Robin Thicke made out with Lana Scolaro, that girl he played grab-ass with at a post-VMA party, even though his wife Paula Patton was a few feet away and that’s why I’mma take a GOOD GIIIIIIIIIRL.
Apparently he also encouraged Scolaro to talk to Patton, saying that she was “chill” with whatever.
“I don’t think he cared what she thought,” Lana tells Life & Style. “I was with him the whole night!” The two had met the week before at a friend’s party, and she says he immediately approached her at the 1Oak VMAs shindig with the pick-up line, “I just love the fact that you’re so young.”
“I am really into it when women won’t die as fast as me,” said Robin Thicke, we imagine.
“I went to the bathroom, and when I came out he was standing there,” she tells Life & Style. “He turned off the lights so no one could see us, and he started making out with me. He was grabbing me. He was like, ‘I want to get you into bed!’”
Unfortunately, this did not happen, but Thicke reportedly got her number when the party broke up at 8 AM. Thus goes the first page of Nicholas Sparks’ The Notebook. [Life & Style]
Gwen Stefani is pregnant at 43 years old, with a little sibling for Kingston Rossdale, born in 2006, which does not make explaining what a “hollaback girl” is to your AP English teacher any easier but is very nice just the same. [In Touch]
Michelle Williams is gonna play Cabaret’s Sally Bowles (a.k.a. the Liza Minnelli role) in her Broadway debut. I don’t necessarily know if I can see that, but I like her ambition. She could have gone with Roxie Hart in Chicago like any old half-assed young female star. If you need any vocal training, Michelle Williams, I sing “Mein Herr” in the shower like a boss. [NYT]

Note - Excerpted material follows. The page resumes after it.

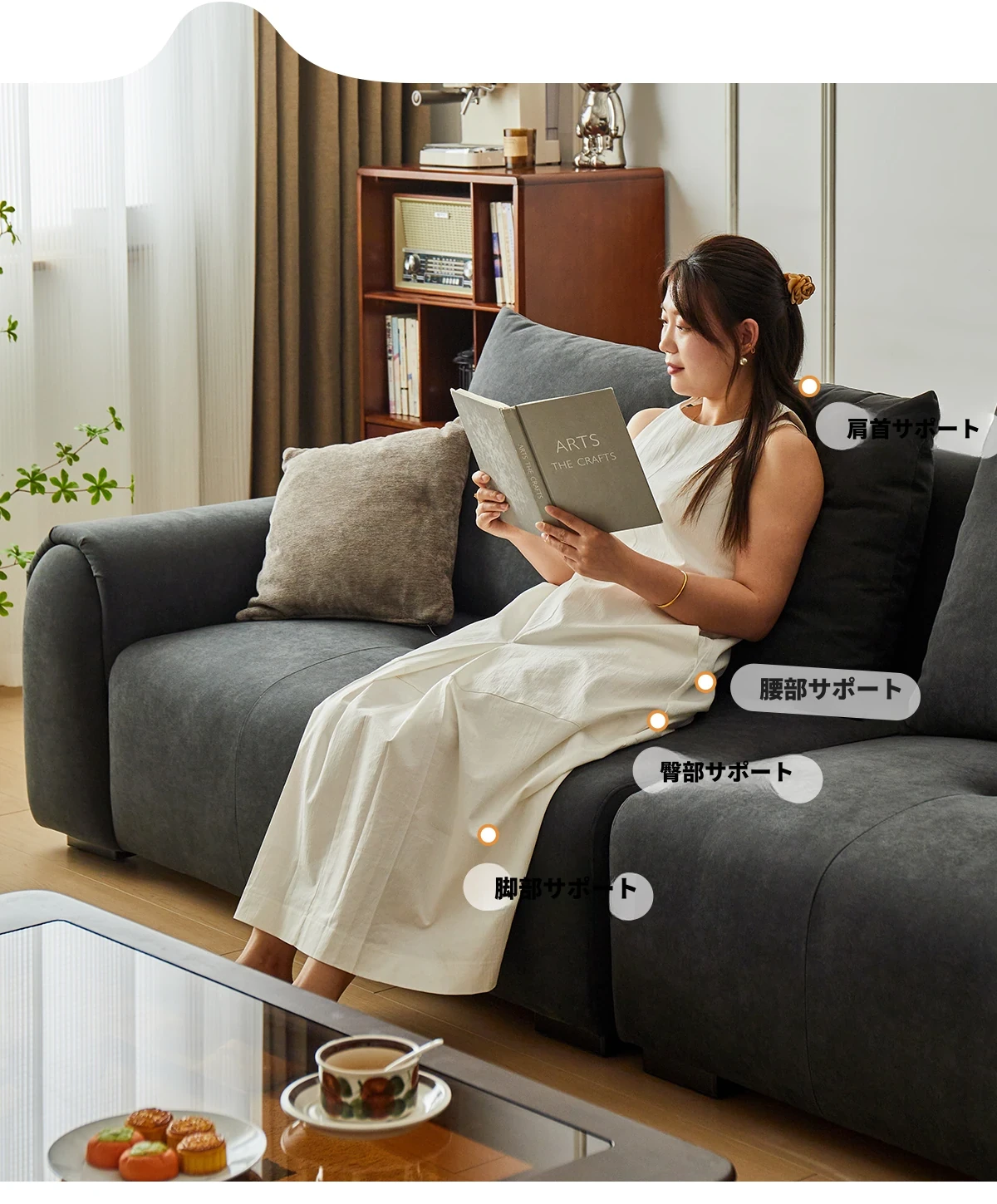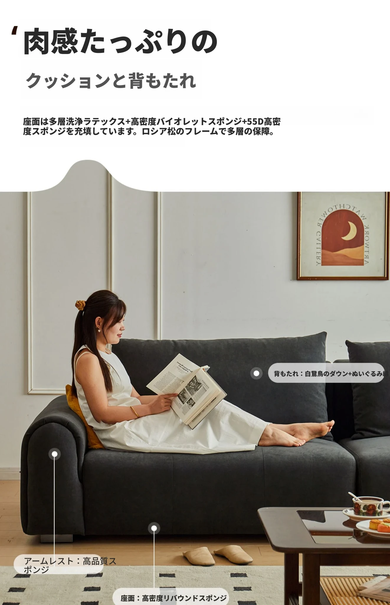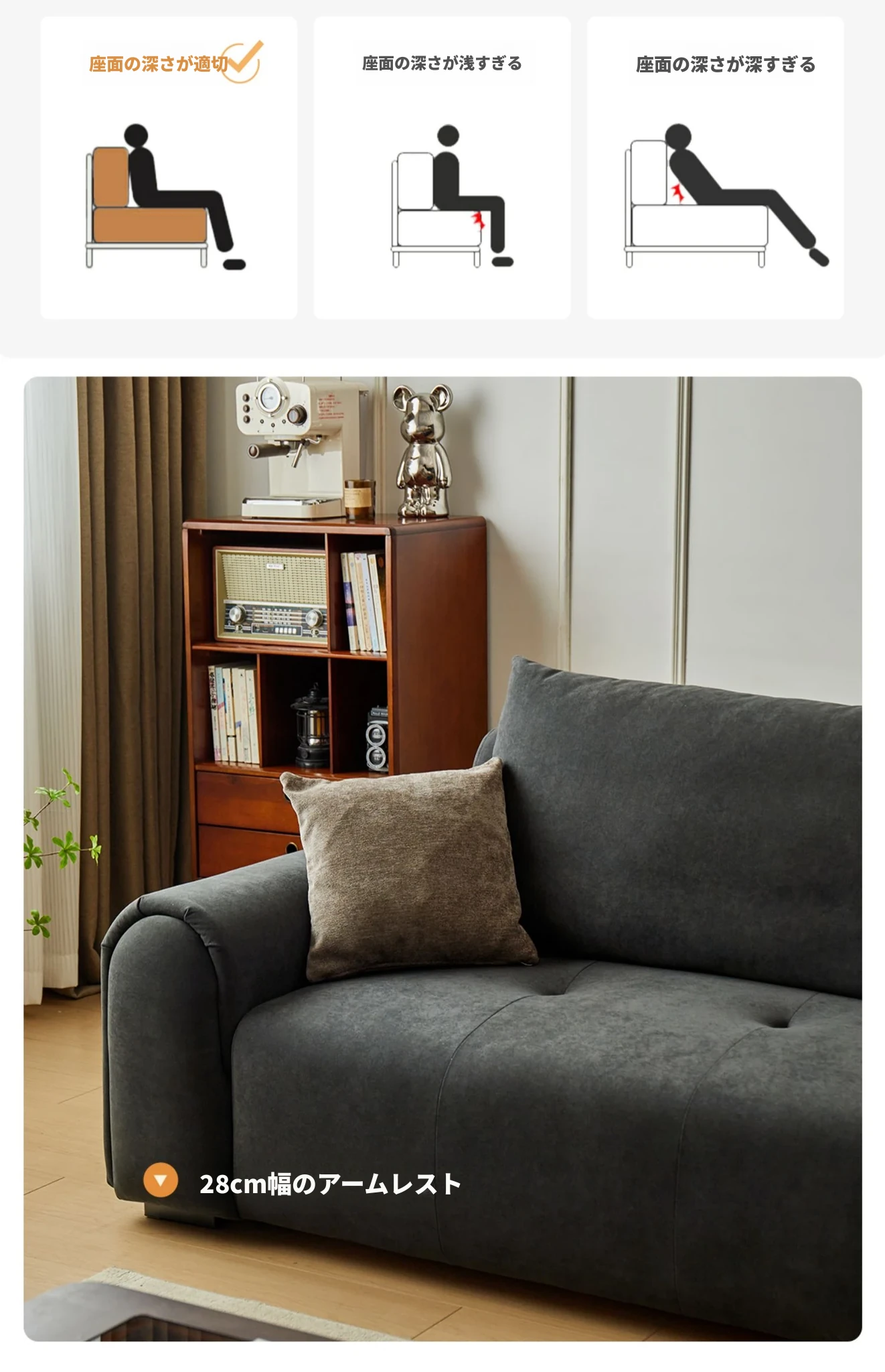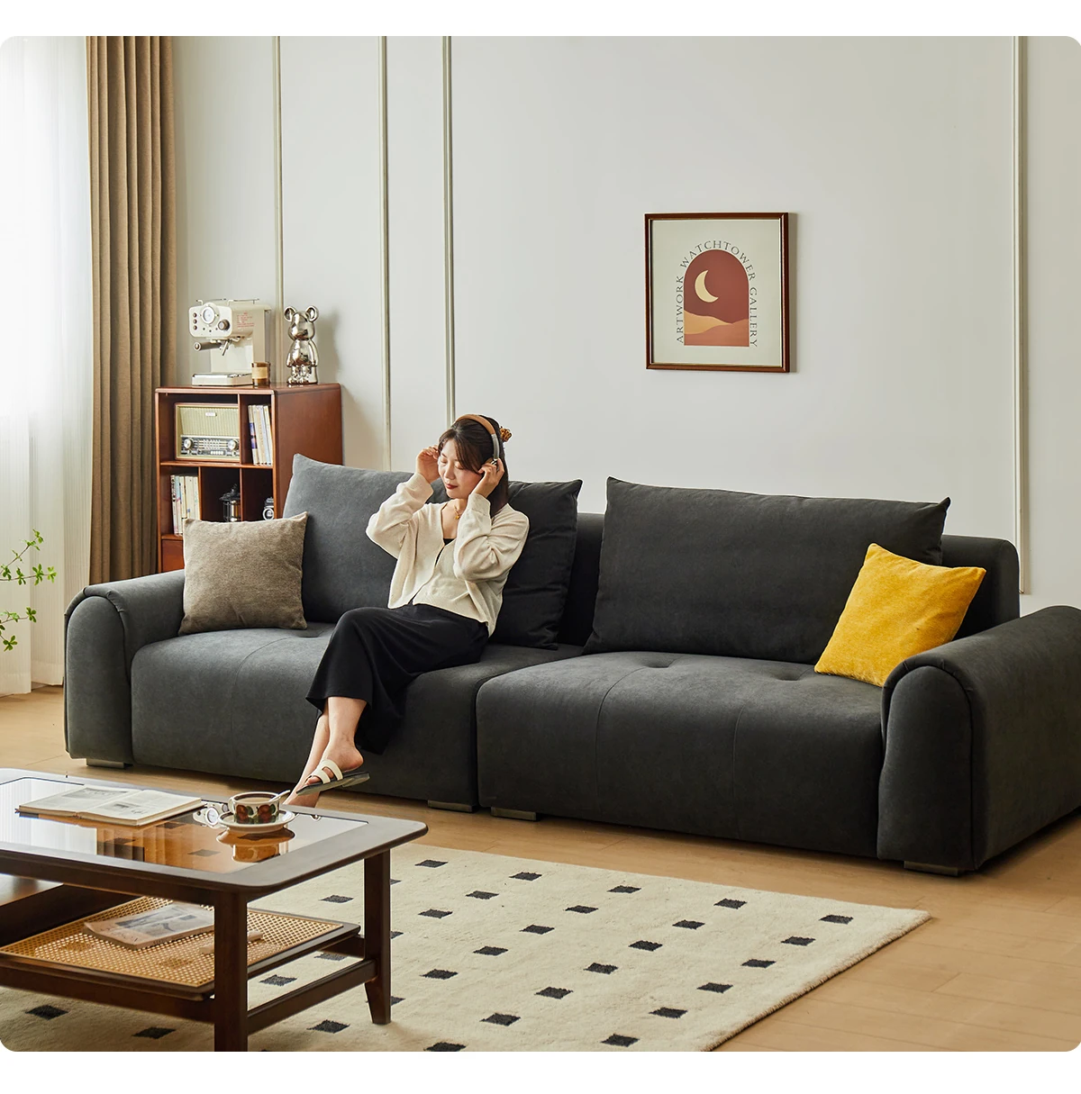 2.2m深空灰スリーピースソファ【猫抓布-50mm天然ラテックス+55dバイオレットスポンジ】
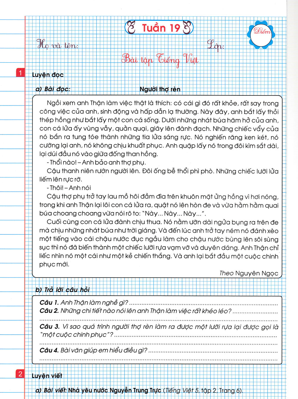 Phần tiếng Việt, các bạn nhỏ sẽ luyện tập phần đọc hiểu văn bản, tóm tắt và trả lời câu hỏi. Ngoài ra, còn có phần luyện tập cách lập dàn ý cho bài Tập làm văn hay như điền khuyết để rèn luyện chính tả

Lady Gaga might play host and musical guest for an episode of Saturday Night Live this fall, right when I finally got “Judas” out of my head. [Zap2It]
- A woman stalking John Cusack was arrested. [TMZ]
- This is disgusting and horrifying. [TMZ]
- Tyga’s getting sued. [TMZ]
- Raven Symone and her maybe-girlfriend AzMarie Livingston were at LudaDay Celebrity Pool Party, a.k.a. what Ludacris called his Labor Day party. Why was I not there?!! [Us Weekly]
- Justin Bieber’s shirt was ripped open by a Force of Nature, or maybe the Sandra Bullock classic Force of Nature. [TMZ]
- A friend of Justin Bieber’s miniature abs might be an international coke dealer because life is a Bret Easton Ellis novel I guess. [Radar Online]
- Kelly Ripa bobbed her hair. [People]
- Bill Nye The Science Guy is going to be on Dancing With the Stars. Stay tuned for Zooboomafoo’s turn as a monosyllabic 17-year-old father-to-be on Teen Mom. [HuffPo]
- Stacy Keibler went to Burning Man and it changed her whole perspective on shit. And she’s never even BEEN to Mt. Vesuvius. [Us Weekly]
- Kate Moss has a secret Instagram account. [E!]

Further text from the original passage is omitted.